Fuel Prices in Azerbaijan: Why a Caspian Oil Producer Keeps Pumps Cheap
Azerbaijan is one of the most affordable places in the world to fill up. A liter of gasoline costs about $0.676 (roughly 1.15 AZN at the pump), which works out to around $2.56 per US gallon. Diesel is even cheaper at about $0.647 per liter. Those figures rank Azerbaijan 14th out of 170 countries surveyed for cheapest fuel — well below the world average of $1.484 per liter, meaning Azerbaijani drivers pay less than half the global norm.

Why Azerbaijani Fuel Is So Cheap
The short answer is oil. Azerbaijan is a net crude exporter, with the state energy company SOCAR sitting at the center of the economy and the Baku–Tbilisi–Ceyhan pipeline carrying Caspian crude to world markets. When a country produces more oil than it consumes, domestic fuel becomes a strategic comfort that the government is keen to keep affordable for households and businesses alike.

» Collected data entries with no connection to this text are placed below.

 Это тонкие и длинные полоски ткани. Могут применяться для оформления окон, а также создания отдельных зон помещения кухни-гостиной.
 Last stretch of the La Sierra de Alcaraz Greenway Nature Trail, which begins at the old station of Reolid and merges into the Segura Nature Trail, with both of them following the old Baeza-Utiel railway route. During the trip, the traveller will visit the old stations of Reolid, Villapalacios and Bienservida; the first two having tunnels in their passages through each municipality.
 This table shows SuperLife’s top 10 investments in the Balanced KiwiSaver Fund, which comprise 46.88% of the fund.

Pump prices in Azerbaijan are not set purely by free-market forces. The state, through the Tariff Council, exercises strong influence over retail fuel rates, and SOCAR dominates the domestic refining and distribution chain. This regulated, producer-driven model keeps prices stable and low — closer to other resource-rich Caspian and Gulf economies than to import-dependent neighbors. It is a similar dynamic to what keeps fuel cheap in Kazakhstan, another Caspian hydrocarbon exporter, and to the heavily subsidized markets of the Gulf such as Bahrain.

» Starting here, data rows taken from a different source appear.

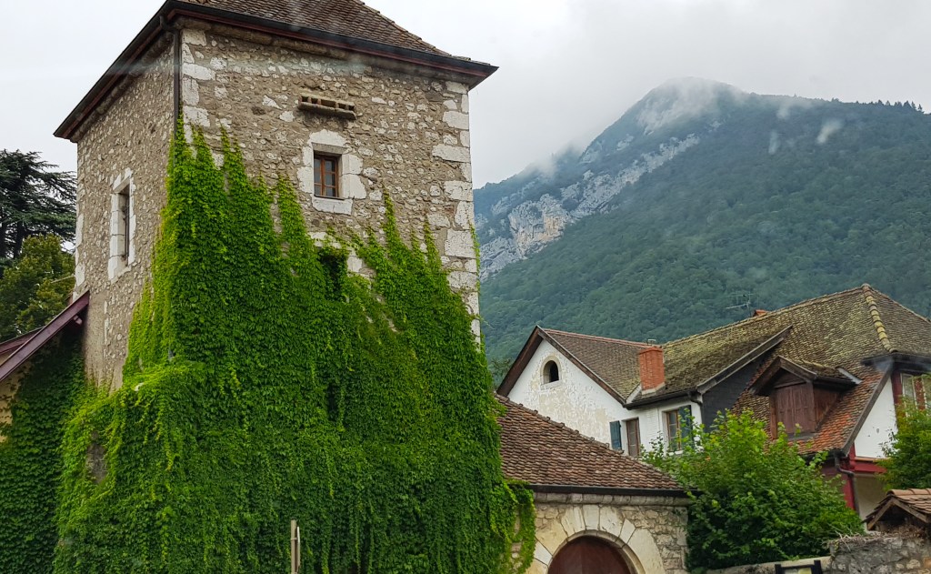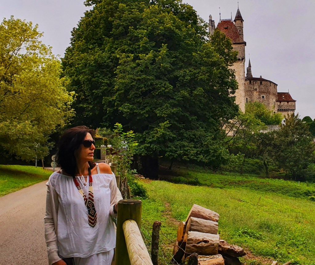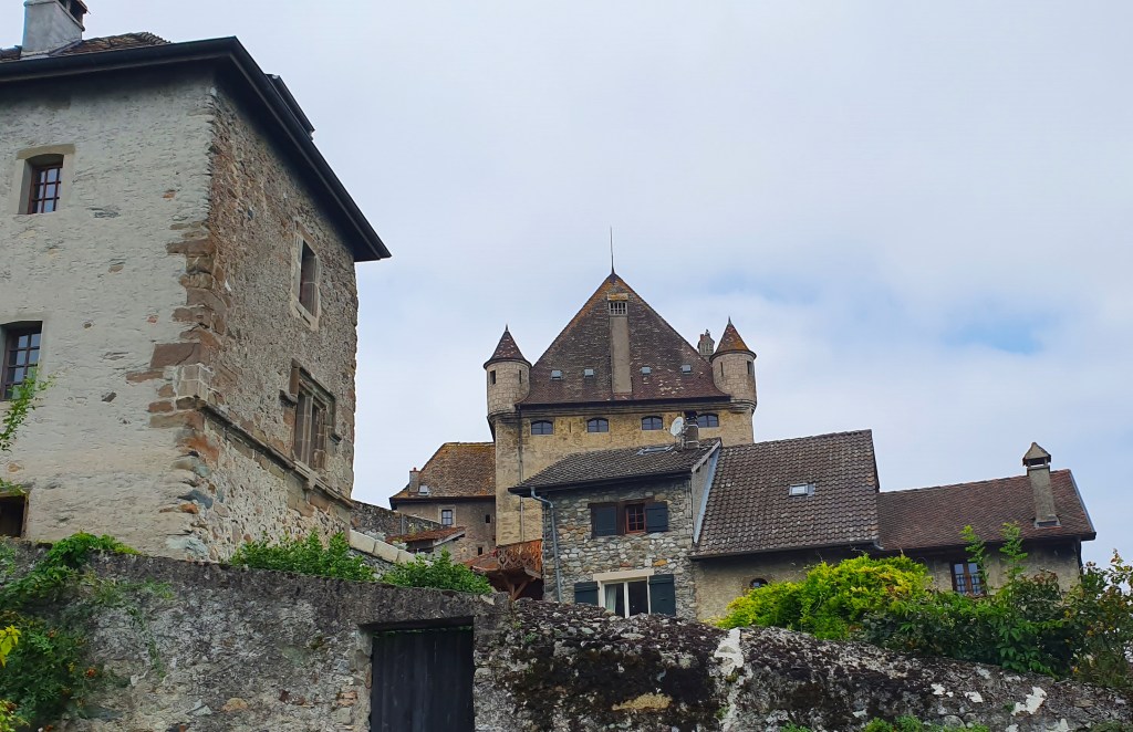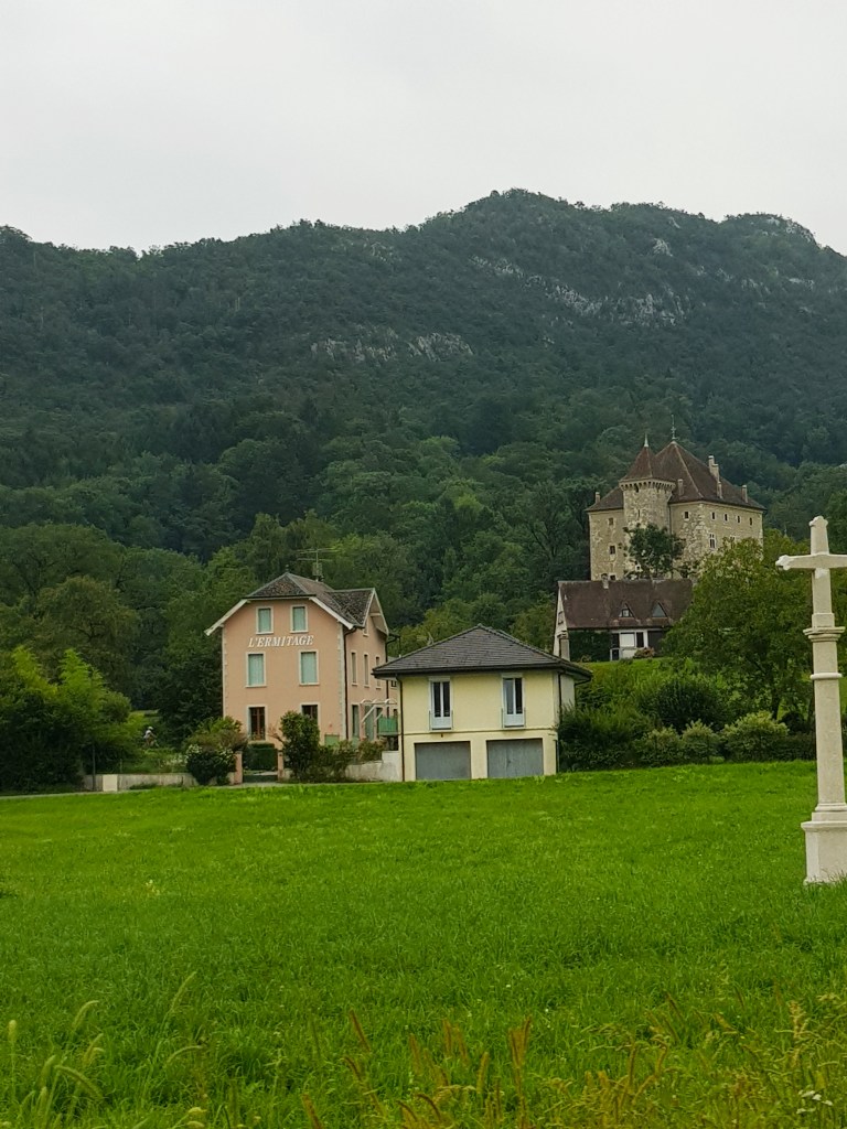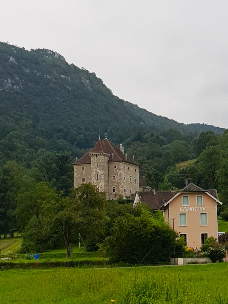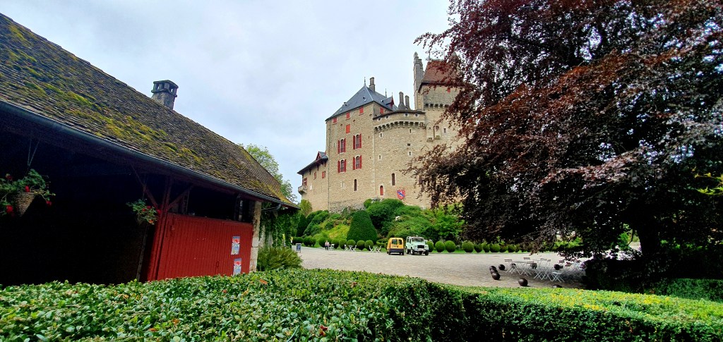 Después de un estupendo desayuno desayuno en les Prallets comenzamos nuestro cuarto día de ruta desde la población de Sainte Eustache, ubicada a solo 15 kilómetros de Annecy. Lo hicimos divisando y bordeando el lago Annecy en su vertiente sur, disfrutando de la exuberante naturaleza que le rodea. En la zona encontraréis varios castillos como pueden ser el Castillo Duingt, además de varios edificios interesantes de hoteles, etc. Como casi siempre nos esperaba otro intenso día viajero con bastantes kilómetros a cuestas y varias interesantes poblaciones en las que íbamos a detenernos. Tuvimos que escoger y decidimos acercarnos hasta la entrada del Castillo Menthon Saint Bernard.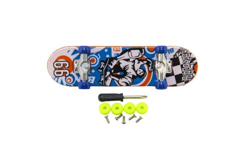 Finger skateboard neboli prstový skateboard má vyměnitelná kolečka. Je ideální svou mini velikostí, lze vzít kamkoli a nikde se nebudete nudit! Rozměr skateboardu: 9 cm Rozměr karty: 12,5 x 17 x 3 cm Vhodné pro děti od 3 let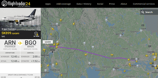 FlightRadar24 is yet another free website that you can use to track live air traffic. In the free version, this website times out after 30 minutes and then you will have to start a new session. Just like above websites, you can see the air traffic in real time and see the flight status of individual plane as well. You can see the air traffic at any point and look for a plane explicitly as well. You can track any plane by simply searching for it on the website. You can see the details like destination, departure time, arrival time, current coordinates, distance covered, and some others.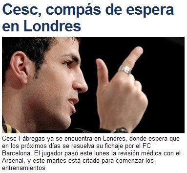 法布雷加斯的人回到了倫敦,心卻留在了巴塞羅那。此次返回倫敦后,小法立刻向阿森納方面表達了轉會態度,他希望能在本周日(7月10日)前完成與巴薩之間的轉會工作。《每日體育報》認為,小法此次返回倫敦并非重新與溫格融為一體,而是不欲與阿森納激化矛盾,渴望通過和平的方式解決分歧,他不想以馬斯切拉諾在一年前的方式離隊。

Taxes, Subsidies, and the Manat
Fuel taxes in Azerbaijan are modest by international standards. In high-price countries — much of Europe, for example — excise duties and VAT can make up well over half the price at the pump. In Azerbaijan, the tax wedge is far smaller, and the difference between the low local price and global crude benchmarks effectively functions as an implicit subsidy to consumers. That is the core reason a barrel-rich country can keep a gallon under $2.60 while the world average sits much higher.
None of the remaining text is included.